The study, “Strategies in and Outcomes of Climate Change Litigation in the United States,” was published Monday in the journal Nature Climate Change. The study emphasizes that the courts have played a central role in climate policy, including the landmark 2007 Supreme Court case that led to the mandatory regulation of greenhouse gases.

In other climate-related litigation, though, environmental groups and other types of plaintiffs have had trouble convincing the courts to rule in their favor.

In her research, McCormick found the industry has a better chance of showing how a particular regulation would have a negative impact on their profits. On the other hand, plaintiffs who bring cases that seek stronger regulation of greenhouse gas emissions have greater difficulty establishing either the injuries necessary to support standing or the connection between those injuries and a defendant’s conduct.

“It makes sense to me that climate advocates are losing a fair amount because they are challenging the court. Courts are very conservative. It’s hard to get them to decide in your favor,” McCormick said in the interview. “Getting standing in the case of climate change is very hard. The impacts may be down the road. It’s a bit easier for anti-regulatory plaintiffs or anti-regulatory groups to show the near-term economic impacts of a regulation.”

But McCormick said it makes sense that environmental groups are planning to fight the new ACE rule, especially given the Supreme Court’s 2007 ruling in Massachusetts v. EPA, one of the most environmental cases in the nation’s history.

Following that historic decision, the EPA issued in 2009 what is known as the “endangerment finding,” which established carbon dioxide as a pollutant under the Clean Air Act. The finding required the EPA to take action under the Clean Air Act to curb emissions of carbon dioxide, methane, and other heat-trapping air pollutants from vehicles, power plants, and other industries.

And so, the Obama EPA adopted the Clean Power Plan in August 2015 to address greenhouse gas emissions from power plants.

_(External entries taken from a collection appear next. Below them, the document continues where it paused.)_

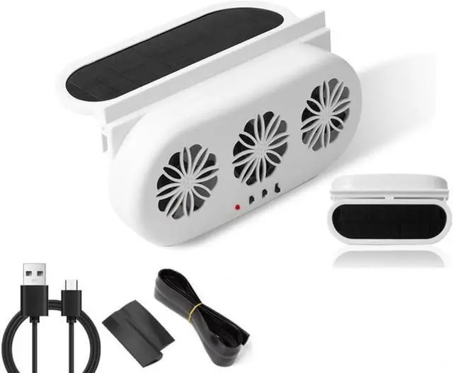 Solar Powered Car Exhaust Fan with USB Power Supply Three Motor Design High Speed Ventilation Air Cooling System for Sedan SUV Truck Taxi(White)
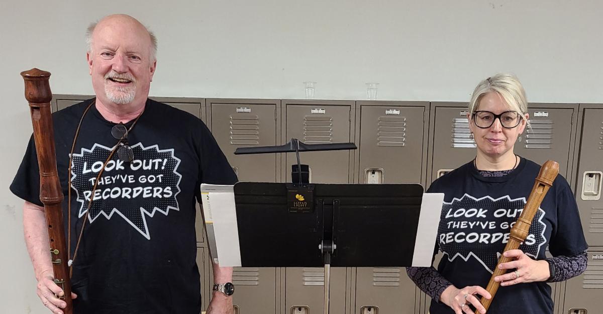 ARS members Bradford Wright and Claire Hartmann-Thompson recently presented a program about recorders (garklein to contrabass) at New Horizons pre-K in Woodbury, MN. Bradford says, "While the recorders would be familiar, our shirts may not be," with their caption Look Out! They've Got Recorders.
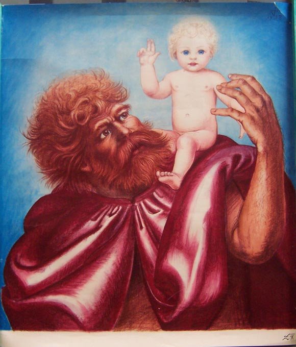 Dix malte sechs Versionen des Christopherus. Christopherus war der riesenhafte Heilige, der das Jesuskind, durch einen Fluss trug. Das Kind wurde immer schwerer und eine kaum noch aushaltbare Last.
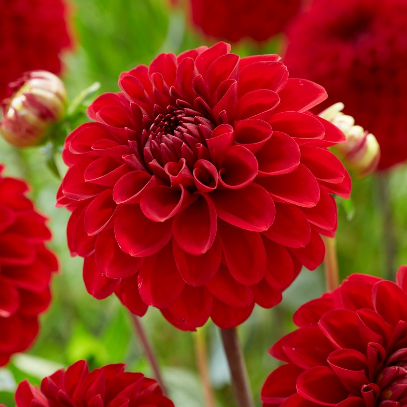 Vacker Pompom-sort med sina klarröda blommor. Sorten lämpar sig även till snitt.
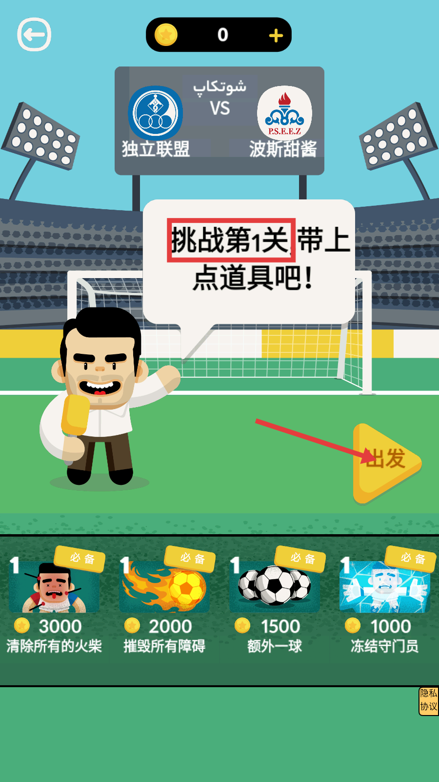 1、选择【挑战第1关】,按需搭配下方道具(如“额外一球”),点击【出发】开启赛事。
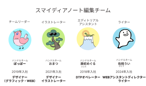 ・ライター・佐桃……1年目ながらWEB業務に携わり、文章力を活かしてスマイディアノートでも成長してほしいと選ばれました
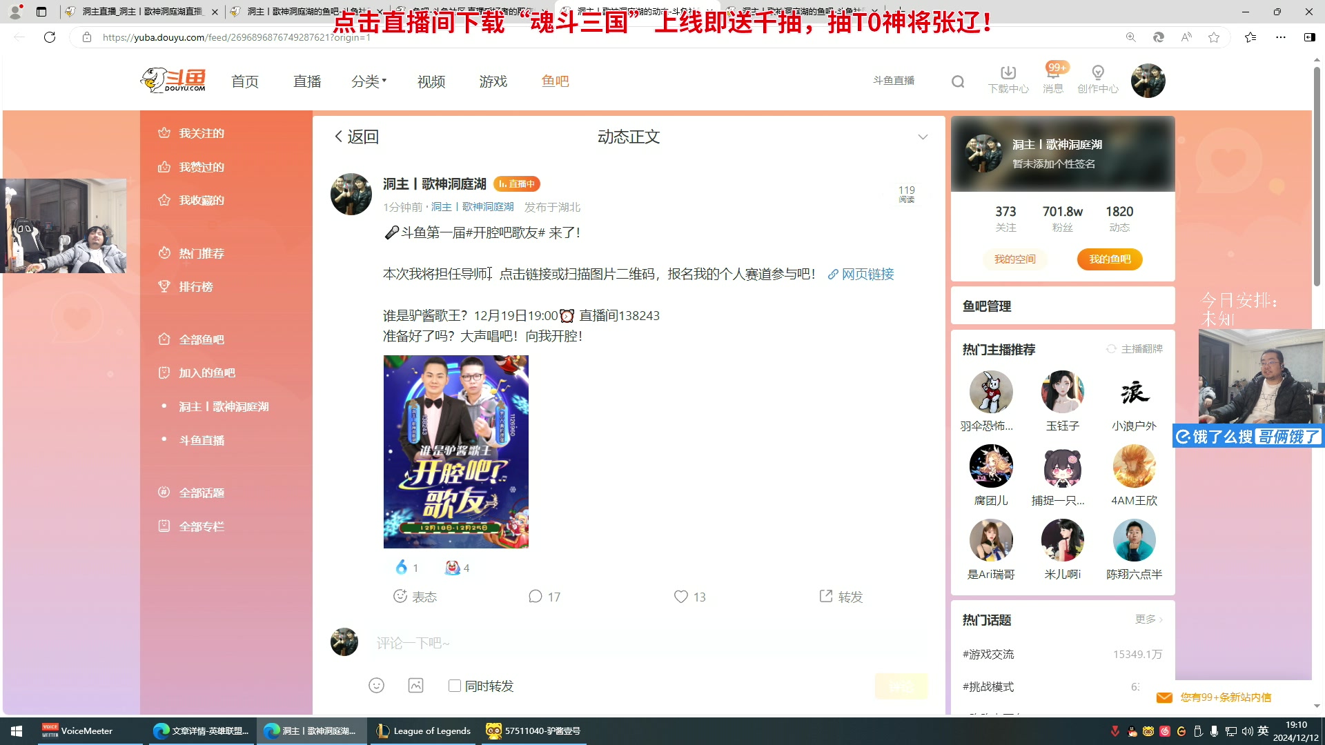 【2024-12-12 19点场】洞主丨歌神洞庭湖:欢乐时光已经开始了!
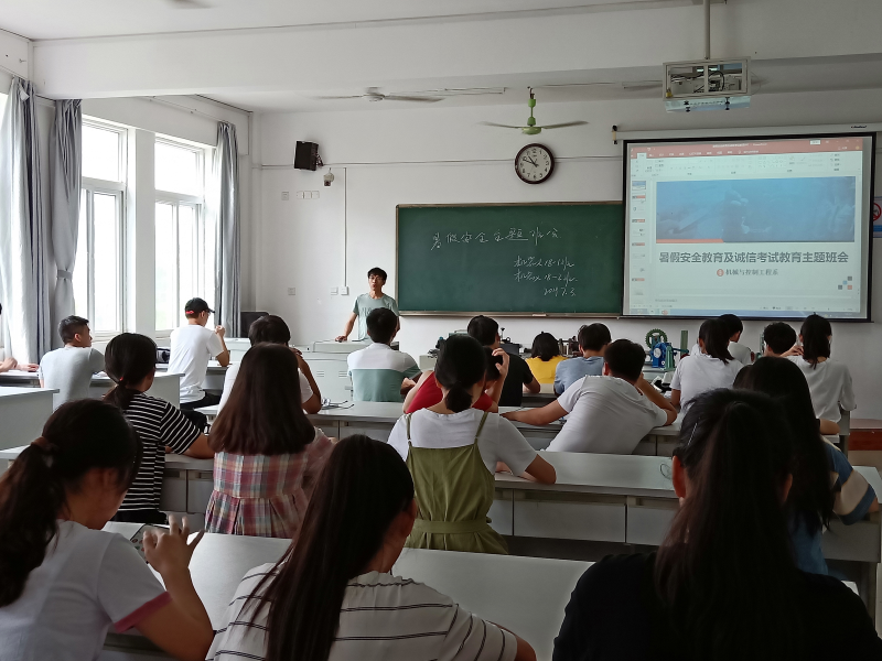 根据《桂林理工大学学生安全教育及管理暂行规定》,于7月3日下午,我系机器人18-1班、2班在藏修楼3303教室召开“暑假安全教育及诚信考试教育”主题班会。班主任宁钰球和奚富由老师出席此次会议。会议由奚富由老师主持。
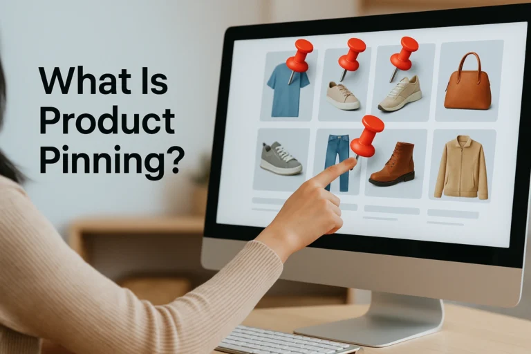 In ecommerce merchandising, product pinning means fixing certain items at key positions — like the top of search results or a prime slot on category pages.
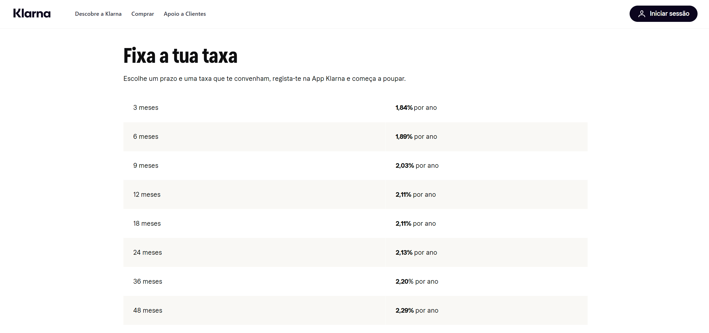 A Klarna também oferece contas de poupança a prazo fixo com taxas de juro competitivas (até 2,29%/ano - à data de novembro de 2025), permitindo ao utilizador aplicar o seu dinheiro com maior rendimento e segurança. Também aqui, estás protegido pelo sistema de garantia de depósitos sueco.
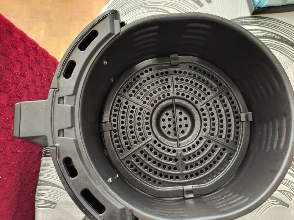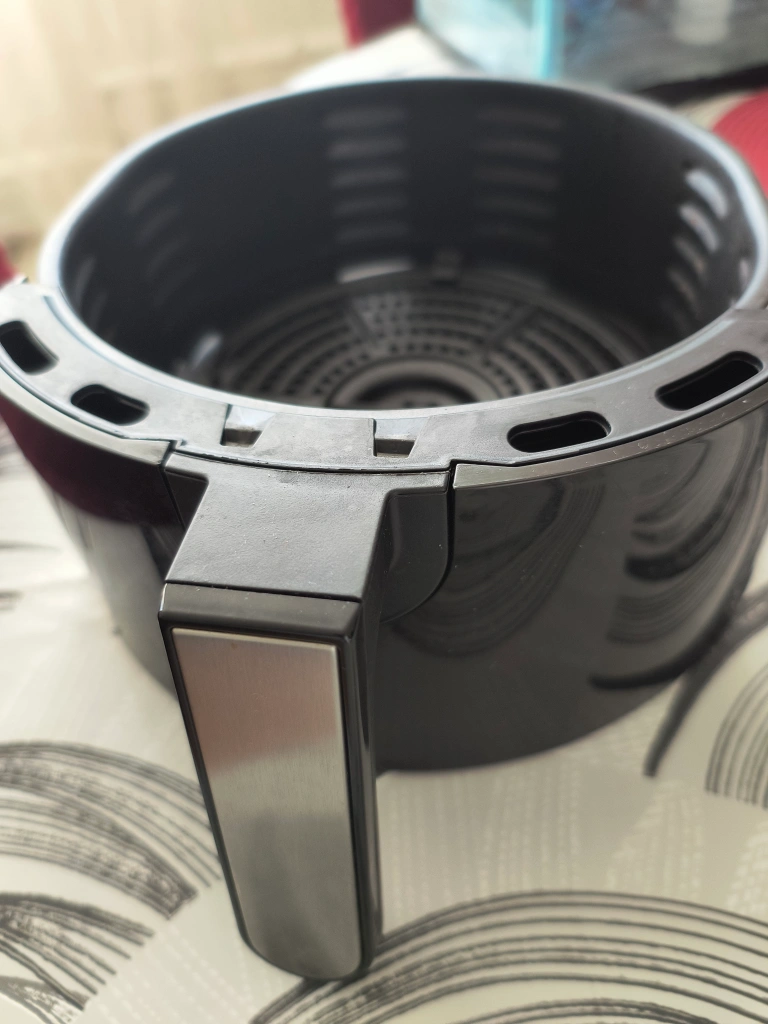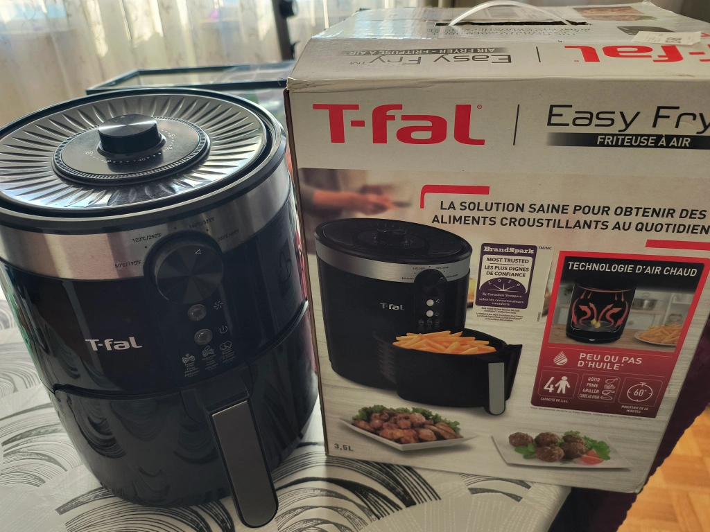 Black T-fal air fryer with removable basket. Has a timer and temperature control. 3.5L capacity. Has been used only a few times, only HALAL food.
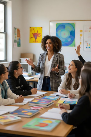 Back to School. Teacher enthusiastically interacting with students in a vibrant classroom.
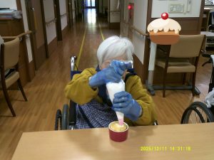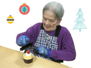 ショートケーキを作りたいというリクエストを受け一人ずつ作りやすいようにカップケーキにしました🎂中にはバナナが挟んであります♪皆さんには上の飾りつけをやっていただきました🎄
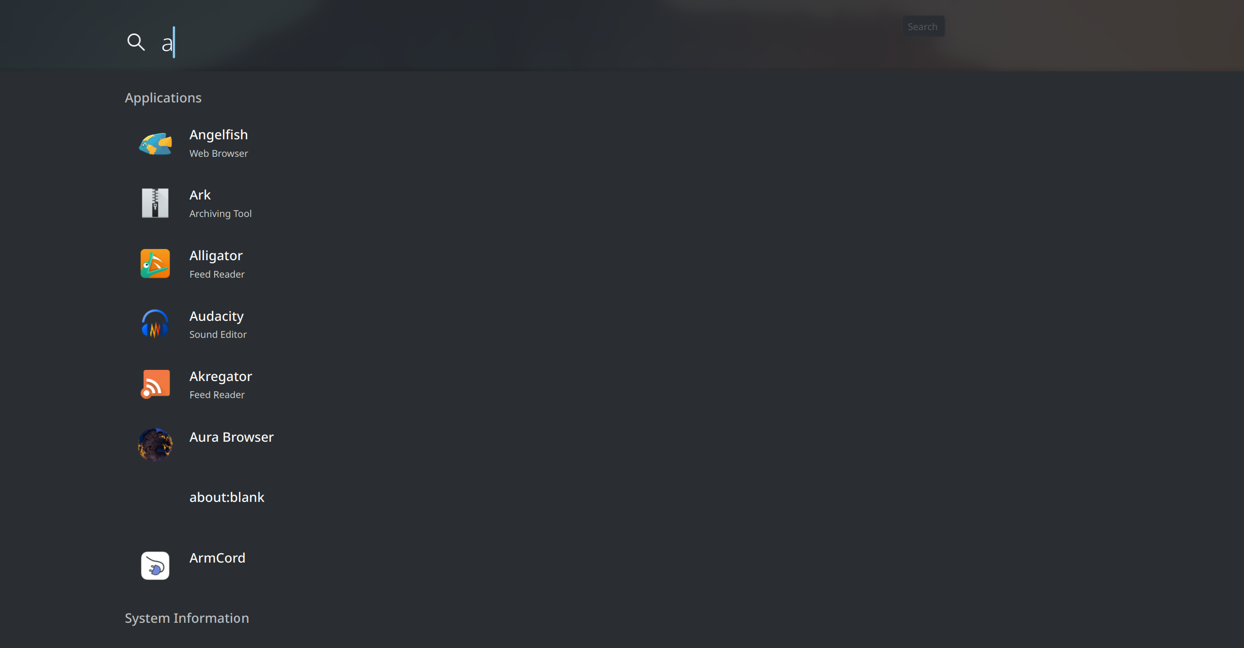 I also added a search view based on KRunner. This allows users to search for the applications they need without needing to manually scroll through the entire application list.
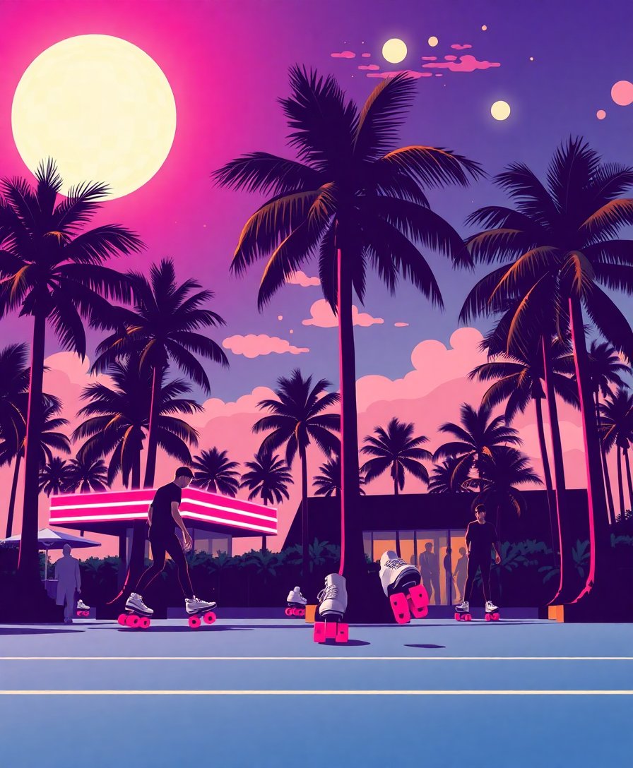 Ultimately, step back and admire your completed masterpiece with pride. Moreover, the vibrant palm trees and classic skates create stunning visual impact. Additionally, your artwork perfectly captures that iconic roller disco atmosphere.

The plan was projected to reduce carbon emissions from the power sector 32 percent from 2005 levels by 2030. But the proposal drew complaints from industry and Republican policymakers at the federal and state levels for taking too much power away from the states and putting too much burden on coal plant operators.

Given the requirement to develop a plan to reduce greenhouse gas emissions from power plants, the Trump EPA released the far more modest ACE rule.

The EPA has said it hopes to finalize the ACE rule in “the first part” of 2019. Environmental groups are expected to wait until the rule is final before taking the EPA to court.

Spalding, who manages the Sierra Club’s climate litigation and regulatory work, said she interprets the first part of 2019 to mean getting the rule finalized by June 30, 2019. “That’s an ambitious time frame to go from proposal to final, but it’s not impossible,” she said.

Once the final rule is published in the Federal Register, groups have 60 days to challenge the rule. If the EPA meets its goal of getting the rule finalized by mid-2019, Spalding said the Sierra Club, together with other environmental groups, would likely be filing a lawsuit against it in August or September 2019.

As part of the proposed rule, the EPA plans to rewrite its New Source Review rule, which regulates pollution from new facilities or modified sources. Changes to the New Source Review rule is another place the ACE plan could be vulnerable to legal challenges, Utility Dive reported Wednesday, explaining that the EPA has seen similar efforts overturned in the past.

Even conservative energy policy experts see the ACE rule as legally problematic. “Since ACE changes very little, and effectively cedes authority to states, it is possible that courts could rule that ACE is not enough to satisfy the requirements of the endangerment finding and require EPA to do more,” Philip Rossetti, director of energy at the American Action Forum, wrote Wednesday in a blog post.

Overall, the criteria on which the EPA plans to rely when reviewing state plans to implement the ACE rule is extremely unclear.

At Wednesday’s press briefing, Andres Restrepo, staff attorney with the Sierra Club’s Environmental Law Program, described how the EPA will oversee state implementation plans of the ACE rule as a “big black box.”